[Task description]: Restate the following entries exactly. Keep the pictures out.

[Material supplied]:

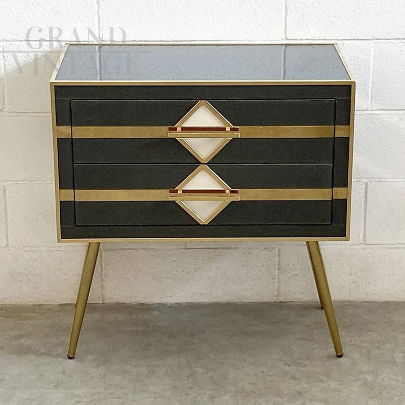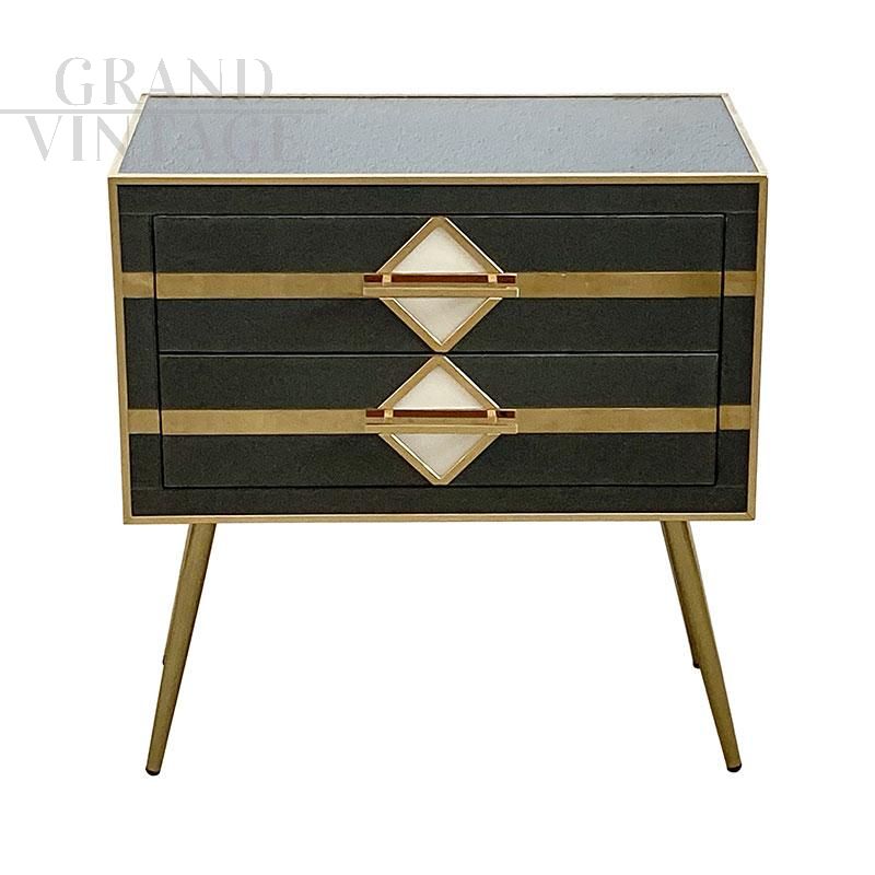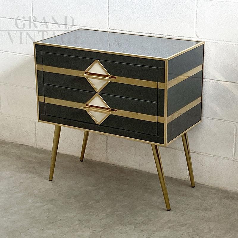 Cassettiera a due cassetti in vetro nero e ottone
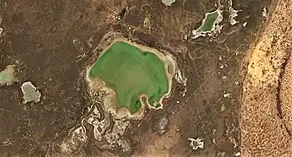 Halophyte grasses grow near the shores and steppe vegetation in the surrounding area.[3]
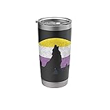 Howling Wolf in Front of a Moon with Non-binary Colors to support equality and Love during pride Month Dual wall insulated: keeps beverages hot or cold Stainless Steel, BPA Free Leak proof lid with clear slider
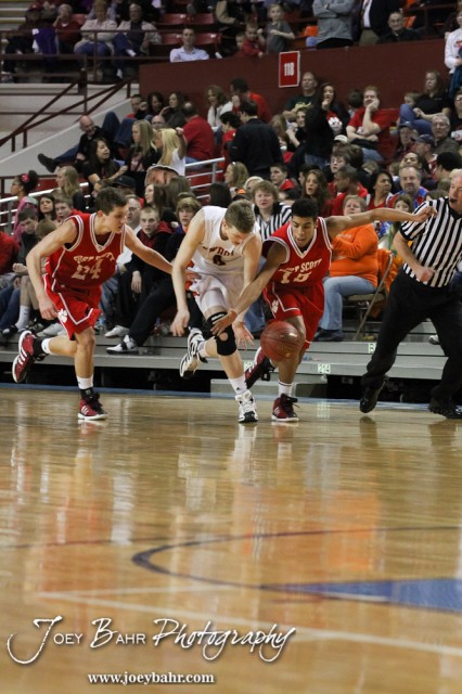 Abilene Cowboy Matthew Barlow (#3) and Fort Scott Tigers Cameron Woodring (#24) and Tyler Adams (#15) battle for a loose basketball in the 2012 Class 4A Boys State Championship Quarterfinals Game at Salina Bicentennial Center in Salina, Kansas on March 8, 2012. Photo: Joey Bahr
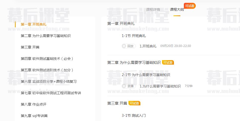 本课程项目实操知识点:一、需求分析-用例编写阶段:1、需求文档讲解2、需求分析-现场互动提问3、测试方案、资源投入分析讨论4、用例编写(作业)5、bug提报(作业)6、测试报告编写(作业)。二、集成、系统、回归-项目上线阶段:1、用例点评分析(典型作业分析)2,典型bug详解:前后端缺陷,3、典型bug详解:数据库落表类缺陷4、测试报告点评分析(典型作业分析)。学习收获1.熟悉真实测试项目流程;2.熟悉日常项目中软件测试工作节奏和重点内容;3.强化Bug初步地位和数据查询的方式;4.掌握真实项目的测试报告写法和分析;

[Reply to the task]:
 Cassettiera a due cassetti in vetro nero e ottone
 Halophyte grasses grow near the shores and steppe vegetation in the surrounding area.[3]
 Howling Wolf in Front of a Moon with Non-binary Colors to support equality and Love during pride Month Dual wall insulated: keeps beverages hot or cold Stainless Steel, BPA Free Leak proof lid with clear slider
 Abilene Cowboy Matthew Barlow (#3) and Fort Scott Tigers Cameron Woodring (#24) and Tyler Adams (#15) battle for a loose basketball in the 2012 Class 4A Boys State Championship Quarterfinals Game at Salina Bicentennial Center in Salina, Kansas on March 8, 2012. Photo: Joey Bahr
 本课程项目实操知识点:一、需求分析-用例编写阶段:1、需求文档讲解2、需求分析-现场互动提问3、测试方案、资源投入分析讨论4、用例编写(作业)5、bug提报(作业)6、测试报告编写(作业)。二、集成、系统、回归-项目上线阶段:1、用例点评分析(典型作业分析)2,典型bug详解:前后端缺陷,3、典型bug详解:数据库落表类缺陷4、测试报告点评分析(典型作业分析)。学习收获1.熟悉真实测试项目流程;2.熟悉日常项目中软件测试工作节奏和重点内容;3.强化Bug初步地位和数据查询的方式;4.掌握真实项目的测试报告写法和分析;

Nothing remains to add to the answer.